GC Myers, 2002
Simplicity is the final achievement. After one has conquered all the difficulties, after one has played a vast quantity of notes and more notes, it is simplicity that emerges as the crowning reward of art.
–Frédéric Chopin
I was going through some images of older work from the early 2000’s and was struck by the sheer simplicity of some of it. Not that my current work doesn’t have considerable simplification of form and composition. It does.
But this work seemed even more starkly simple and direct. It had a different sort of certainty and confidence than I possess now. Maybe naively bold?
I don’t know.
But I find myself envying that level of daring, that willingness to cut away all detail in order to get right to the point. It was work that went in a straight line where my later and more recent work takes a more roundabout route to get to what is pretty much the same destination.
I have no preference in comparing the two. There is a sameness in both in that I see myself in each. Then and now. Both are products and representations of their time and where I am or was in my life and where we were or are in this world. Both routes have their charms. At least, I think they do.
There’s no real point here this morning. Just a reflection on the value in simplifying things. It’s something I have to do periodically to remind myself about the value and understanding contained in simplicity. As C.S. Lewis put it:
It’s like the sound of a chuckle in the darkness. The sense that some shattering and disarming simplicity is the real answer.

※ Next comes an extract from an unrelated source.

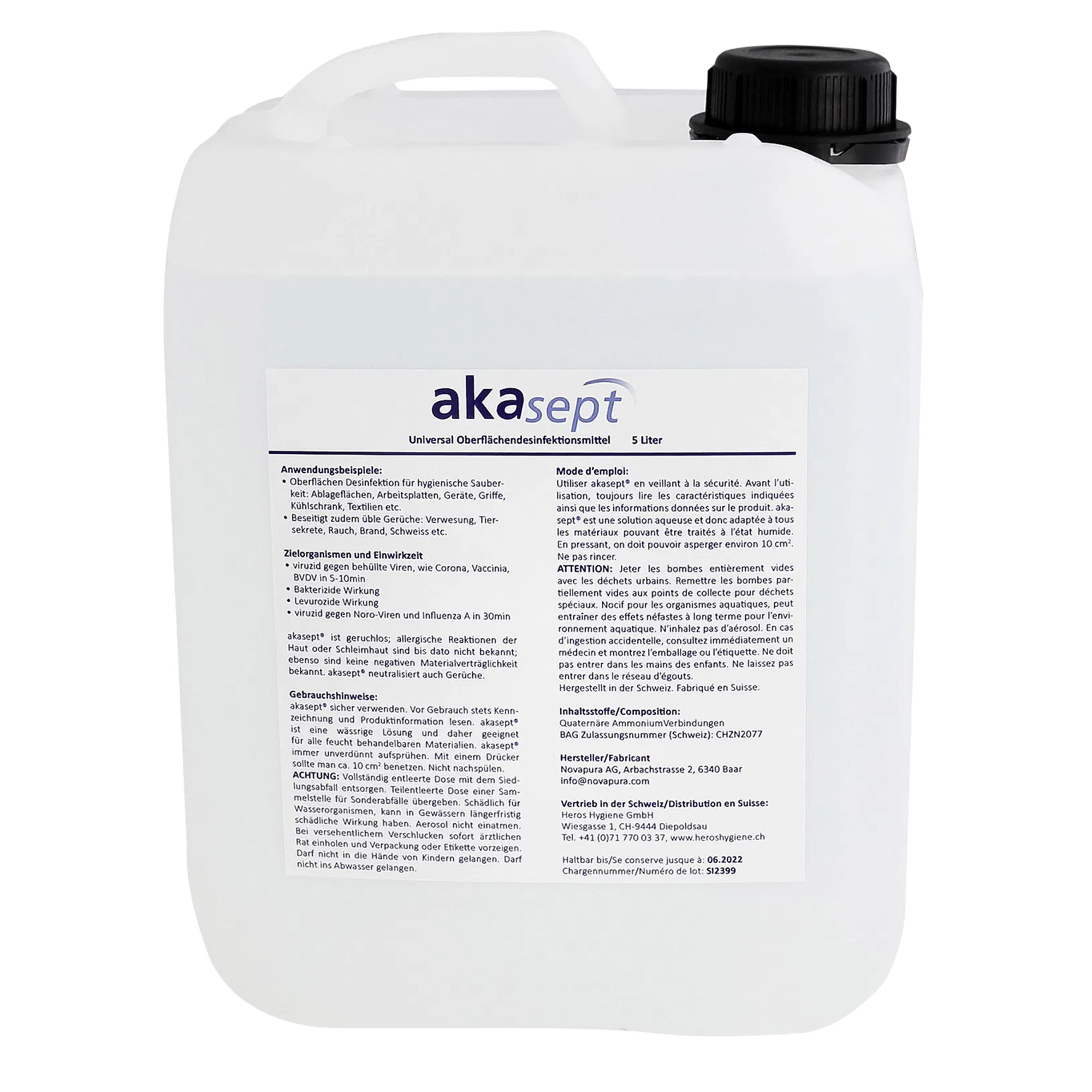 akasept® ist ein vielseitiges Desinfektionsmittel für Oberflächen. Es eliminiert effektiv Viren (einschließlich Covid-19), Bakterien, Pilze und Sporen. akasept® ist geruchlos und entfernt zuverlässig unangenehme Gerüche wie Nikotinrauch, Schweiß, Tiersekrete oder Verwesung. Akasept ist äußerst effektiv und sorgt für hygienische Sauberkeit. Der große Vorteil des Inhaltsstoffs (quartäre Ammoniumverbindung, QAV) besteht darin, dass er eine langanhaltende Wirkung hat und nicht sofort verdunstet. Die Produktion erfolgt in der Schweiz. akasept® ist nicht brennbar, was gegenüber alkoholhaltigen Desinfektionsmitteln einen wesentlichen Vorteil darstellt.

We often get lost in the maze of life, seeing complexity where we should see simplicity. Maybe simplicity is the real answer to everything–to life, art, music, science as Teller points out below, and so on.

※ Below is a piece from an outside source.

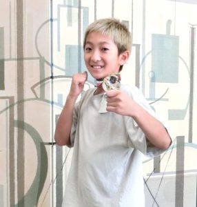 BRIDGE One match challenge-EX47の大会において、優秀な成績を収めた児童が林清美校長に喜びの報告をしました。

I’ve had my reminder. I can get happily back to work now. Here’s some simple Chopin from pianist Chad Lawson to enjoy as you leave.

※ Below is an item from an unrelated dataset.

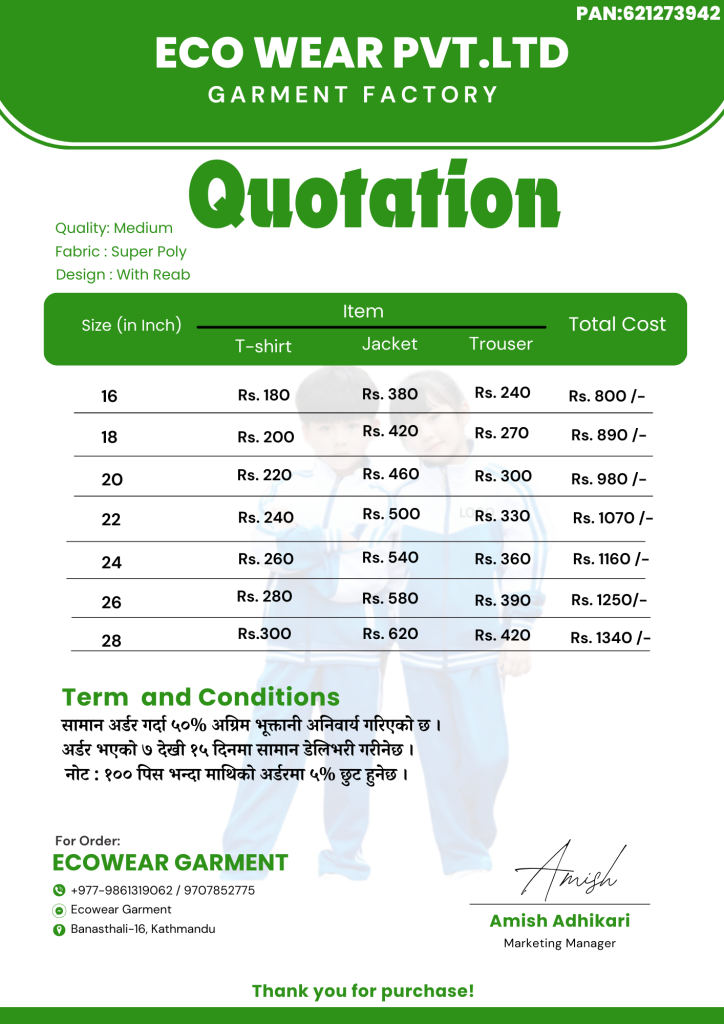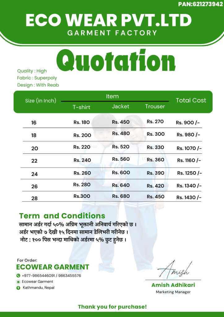 Price Quotation for School Uniform as per Quality.

It is often claimed that knowledge multiplies so rapidly that nobody can follow it. I believe this is incorrect. At least in science it is not true. The main purpose of science is simplicity and as we understand more things, everything is becoming simpler. This, of course, goes contrary to what everyone accepts.
–Edward Teller, Conversations on the Dark Secrets of Physics
Sometimes, as we had, endured through moments in our lives, we lose sight, of what is, simple, which was, once, important to us, and, we can’t, ever, find that back again…
At first I thought you’d posted a Rothko. After I looked at the painting a while, I noticed some differences, and found them appealing. Yours isn’t as ‘flat’ as Rothko sometimes seems to me. I like it.
This painting contains the raw essence of what has attracted me to your work Gary. I agree with Linda in that it really screamed Rothko to me. But on studying it, it’s quintessential GC Myers. Thanks for sharing it.